• [Work required]: Could you copy exactly the lines from the start of the records through the one containing "鞠婧祎方艾特丝芭专业律师也出", both included, and leave out the pictures?

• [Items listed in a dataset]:
------------------------------------

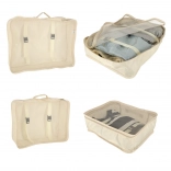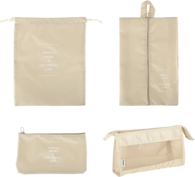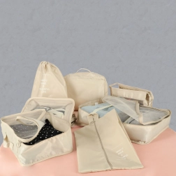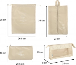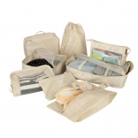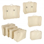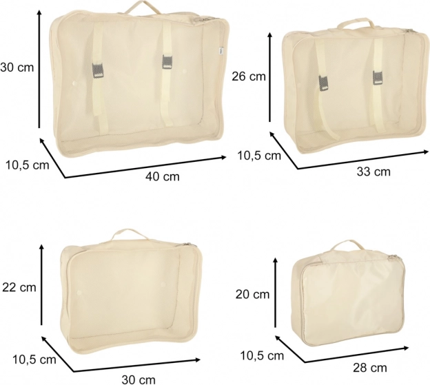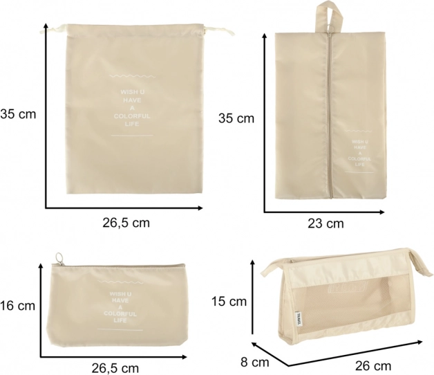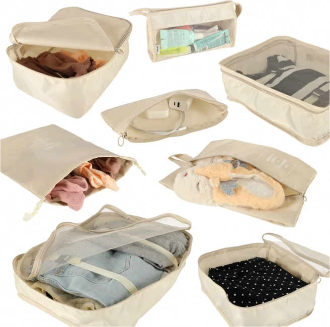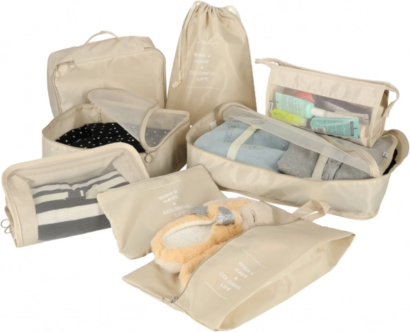 - 8 elementów w jednym zestawie – 4 kostki na odzież (XL, L, M, S), torba na buty, worek ze ściągaczem, kosmetyczka i mała kieszeń.
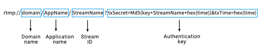 Tencent Cloud 표준에 부합하는 푸시 스트림 URL은 다음 네 부분으로 구성됩니다.
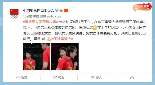 中工网讯 据中国奥林匹克委员会官微消息,当地时间8月4日下午,在东京奥运会乒乓球男子团体半决赛中,中国男团3比0击败韩国男团,晋级决赛。在上午的比赛中,中国女团同样3比0击败德国女团,晋级女子团体决赛。男女团体决赛将分别于8月6日和8月5日进行。
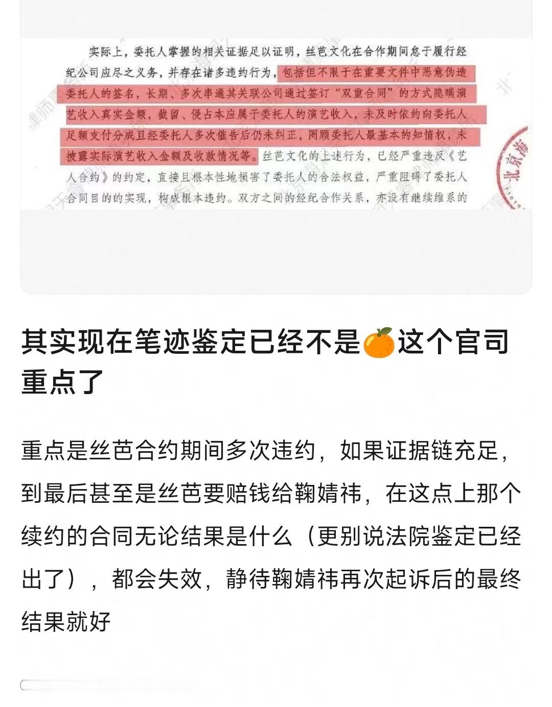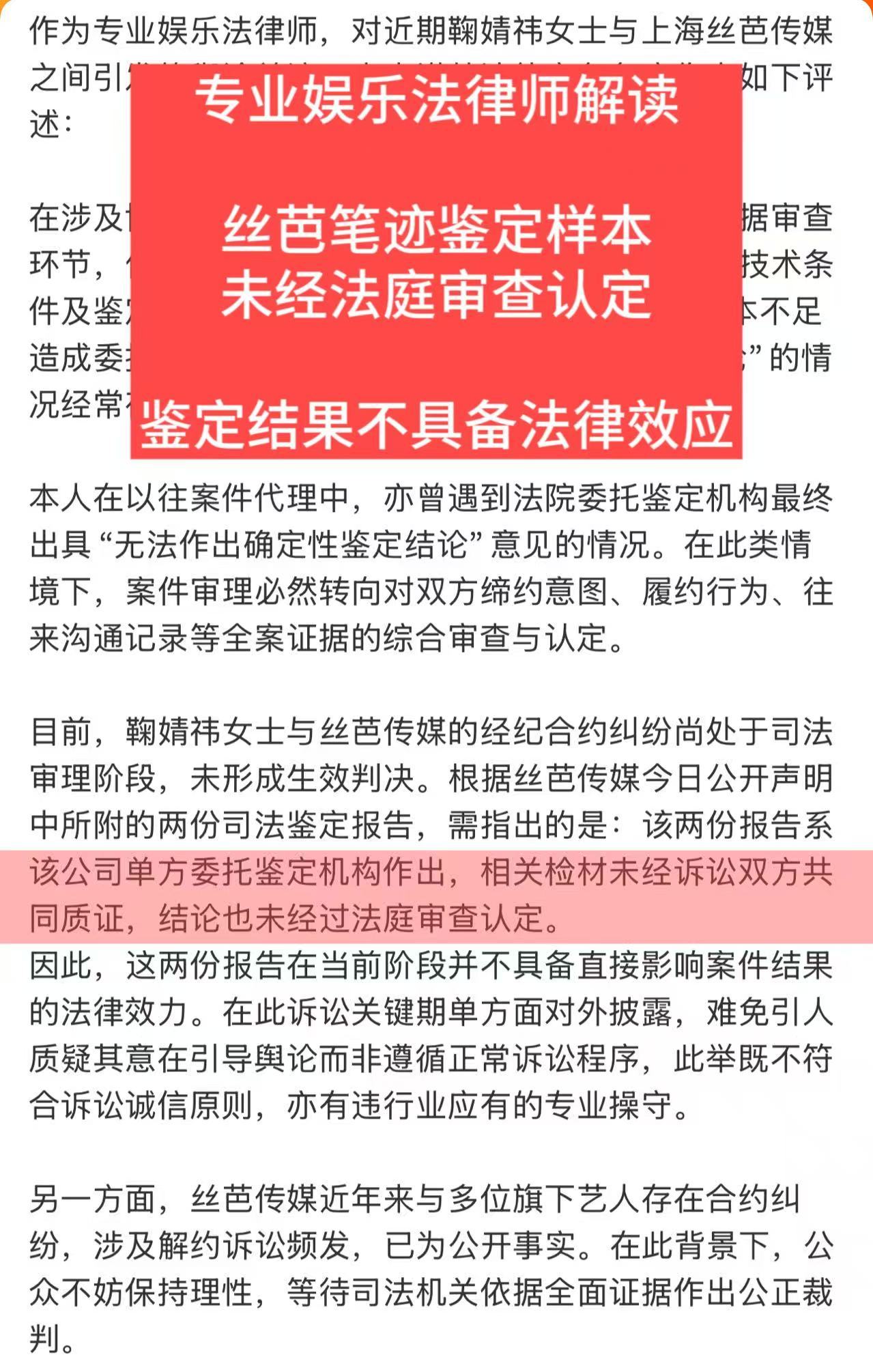 鞠婧祎方艾特丝芭专业律师也出来解读鞠姐这边的新发文了哎,感觉丝芭纯小丑来的。样本没经过法庭审查、鉴定结果法庭也不认,还敢晒出来做证据带节奏,搞什么,把法律当儿戏啊??
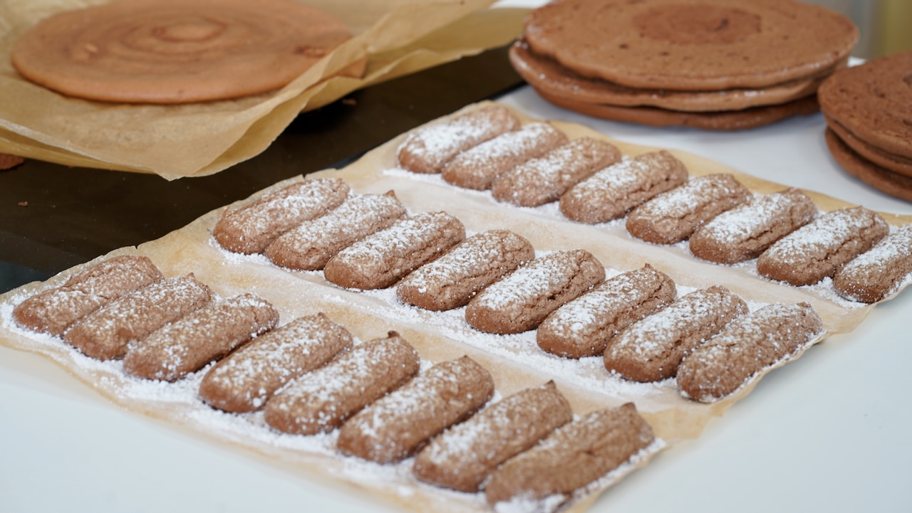 - Transfer to the oven and bake the chocolate ladyfingers and sponge disks for 10 to 12 minutes, until set. Let cool then refrigerate for a day or freeze (wrapped in plastic film) for up to 3 months.

------------------------------------

• [Solution for this task]:
 - 8 elementów w jednym zestawie – 4 kostki na odzież (XL, L, M, S), torba na buty, worek ze ściągaczem, kosmetyczka i mała kieszeń.
 Tencent Cloud 표준에 부합하는 푸시 스트림 URL은 다음 네 부분으로 구성됩니다.
 中工网讯 据中国奥林匹克委员会官微消息,当地时间8月4日下午,在东京奥运会乒乓球男子团体半决赛中,中国男团3比0击败韩国男团,晋级决赛。在上午的比赛中,中国女团同样3比0击败德国女团,晋级女子团体决赛。男女团体决赛将分别于8月6日和8月5日进行。
 鞠婧祎方艾特丝芭专业律师也出来解读鞠姐这边的新发文了哎,感觉丝芭纯小丑来的。样本没经过法庭审查、鉴定结果法庭也不认,还敢晒出来做证据带节奏,搞什么,把法律当儿戏啊??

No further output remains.